■ **Your instructions**
Print a faithful copy of the data below, word for word, with the pictures left out.

■ **Data excerpt**
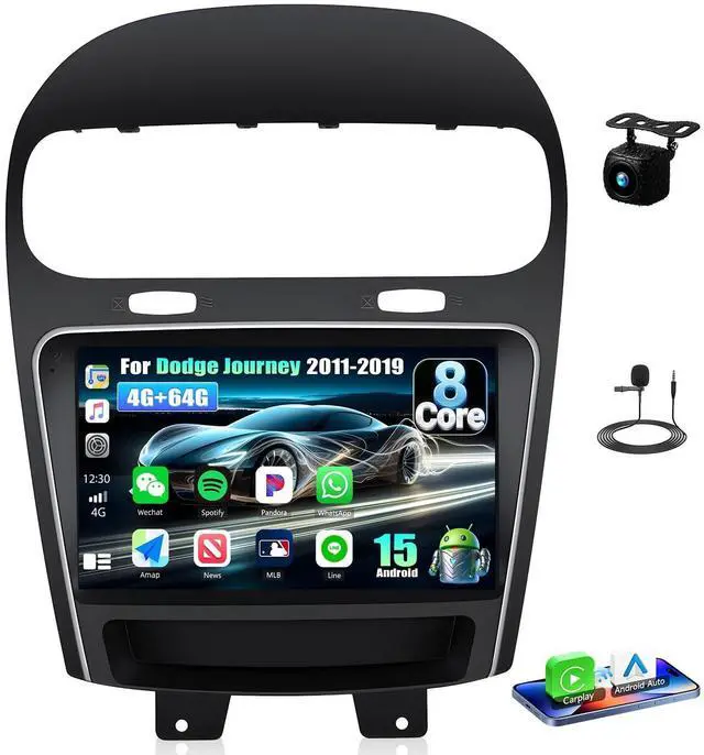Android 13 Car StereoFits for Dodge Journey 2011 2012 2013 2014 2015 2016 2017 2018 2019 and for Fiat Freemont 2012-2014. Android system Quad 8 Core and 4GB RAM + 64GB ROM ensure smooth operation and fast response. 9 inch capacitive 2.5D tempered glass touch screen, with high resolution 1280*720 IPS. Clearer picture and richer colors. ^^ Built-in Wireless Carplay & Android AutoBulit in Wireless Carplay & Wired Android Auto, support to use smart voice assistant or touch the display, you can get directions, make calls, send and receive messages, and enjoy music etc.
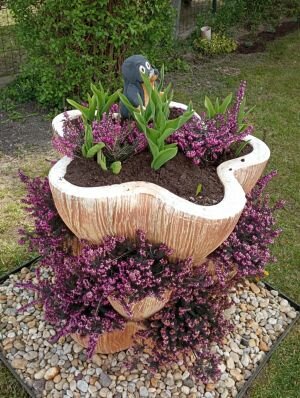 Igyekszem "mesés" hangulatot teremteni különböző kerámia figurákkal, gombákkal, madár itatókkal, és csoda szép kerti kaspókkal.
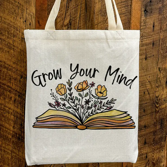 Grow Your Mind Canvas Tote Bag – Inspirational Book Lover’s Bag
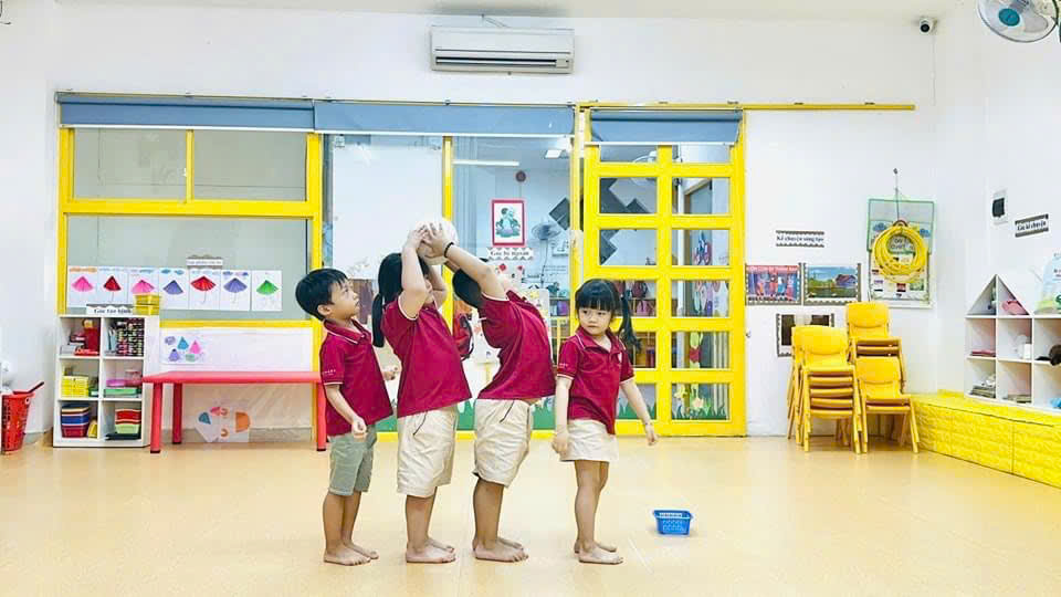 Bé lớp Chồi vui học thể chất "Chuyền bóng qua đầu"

■ **Finished exercise**
Android 13 Car StereoFits for Dodge Journey 2011 2012 2013 2014 2015 2016 2017 2018 2019 and for Fiat Freemont 2012-2014. Android system Quad 8 Core and 4GB RAM + 64GB ROM ensure smooth operation and fast response. 9 inch capacitive 2.5D tempered glass touch screen, with high resolution 1280*720 IPS. Clearer picture and richer colors. ^^ Built-in Wireless Carplay & Android AutoBulit in Wireless Carplay & Wired Android Auto, support to use smart voice assistant or touch the display, you can get directions, make calls, send and receive messages, and enjoy music etc.
 Igyekszem "mesés" hangulatot teremteni különböző kerámia figurákkal, gombákkal, madár itatókkal, és csoda szép kerti kaspókkal.
 Grow Your Mind Canvas Tote Bag – Inspirational Book Lover’s Bag
 Bé lớp Chồi vui học thể chất "Chuyền bóng qua đầu"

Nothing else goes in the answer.